Michael Saylor Says Bitcoin Could Turn ‘Boring’ as Institutional Demand Rises
Institutional money could strip Bitcoin of its wild volatility, but Saylor says it’s a healthy evolution

Bitcoin’s future may look far less thrilling for retail traders as institutional investors ramp up their exposure, according to Strategy executive chairman Michael Saylor. Speaking on the Coin Stories podcast, Saylor said the entry of mega institutions will naturally bring down Bitcoin’s extreme price swings, a shift that could make the market feel “boring” to longtime traders.
“You want the volatility to decrease so the mega institutions feel comfortable entering the space and size,” Saylor explained. But he acknowledged the trade-off: “If the volatility decreases, it is going to be boring for a while, and because it’s boring, people’s adrenaline rush is going to drop.”

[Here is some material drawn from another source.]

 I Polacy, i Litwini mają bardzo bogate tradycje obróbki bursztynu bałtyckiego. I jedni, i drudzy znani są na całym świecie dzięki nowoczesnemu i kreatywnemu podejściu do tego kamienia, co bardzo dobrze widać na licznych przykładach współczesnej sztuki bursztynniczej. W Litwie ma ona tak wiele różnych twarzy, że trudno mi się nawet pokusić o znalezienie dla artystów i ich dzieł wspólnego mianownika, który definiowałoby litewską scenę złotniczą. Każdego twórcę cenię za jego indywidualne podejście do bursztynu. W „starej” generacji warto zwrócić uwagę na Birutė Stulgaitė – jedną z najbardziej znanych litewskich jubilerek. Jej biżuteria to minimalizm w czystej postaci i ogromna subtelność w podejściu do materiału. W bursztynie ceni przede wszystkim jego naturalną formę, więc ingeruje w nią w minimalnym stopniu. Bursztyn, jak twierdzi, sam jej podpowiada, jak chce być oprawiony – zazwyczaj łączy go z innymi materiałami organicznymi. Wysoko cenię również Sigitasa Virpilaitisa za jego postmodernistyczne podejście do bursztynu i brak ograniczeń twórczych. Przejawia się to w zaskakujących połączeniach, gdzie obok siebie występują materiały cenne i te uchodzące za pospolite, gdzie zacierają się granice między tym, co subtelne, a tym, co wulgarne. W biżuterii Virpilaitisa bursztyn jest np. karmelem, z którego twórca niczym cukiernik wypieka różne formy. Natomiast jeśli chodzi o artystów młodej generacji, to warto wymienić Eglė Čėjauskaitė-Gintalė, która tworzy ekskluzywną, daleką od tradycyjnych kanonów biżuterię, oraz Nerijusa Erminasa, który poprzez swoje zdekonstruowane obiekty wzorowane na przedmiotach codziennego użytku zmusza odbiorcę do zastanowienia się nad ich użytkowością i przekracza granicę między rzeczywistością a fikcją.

The comments arrive as Bitcoin struggles to build momentum after hitting an all-time high of $124,100 on August 14. Nearly a month later, the price hovered around $115,760, showing little movement despite the Federal Reserve’s September 17 rate cut. Analysts believe further cuts could reignite a rally, though opinions remain sharply divided.
BitMEX co-founder Arthur Hayes predicts Bitcoin could soar to $250,000 by year-end, while others see a more conservative $150,000. Some, like analyst PlanC, doubt the peak will come this year at all. On the flip side, Benjamin Cowen warns a 70% correction could follow the eventual top.
Saylor emphasized that Bitcoin is still in its “growing stage,” calling this decade the digital gold rush. He believes the years between 2025 and 2035 will bring an explosion of new products, business models, fortunes, and inevitable mistakes.
Currently, publicly listed companies hold nearly $118 billion worth of Bitcoin on their balance sheets, underscoring just how far institutional adoption has already come.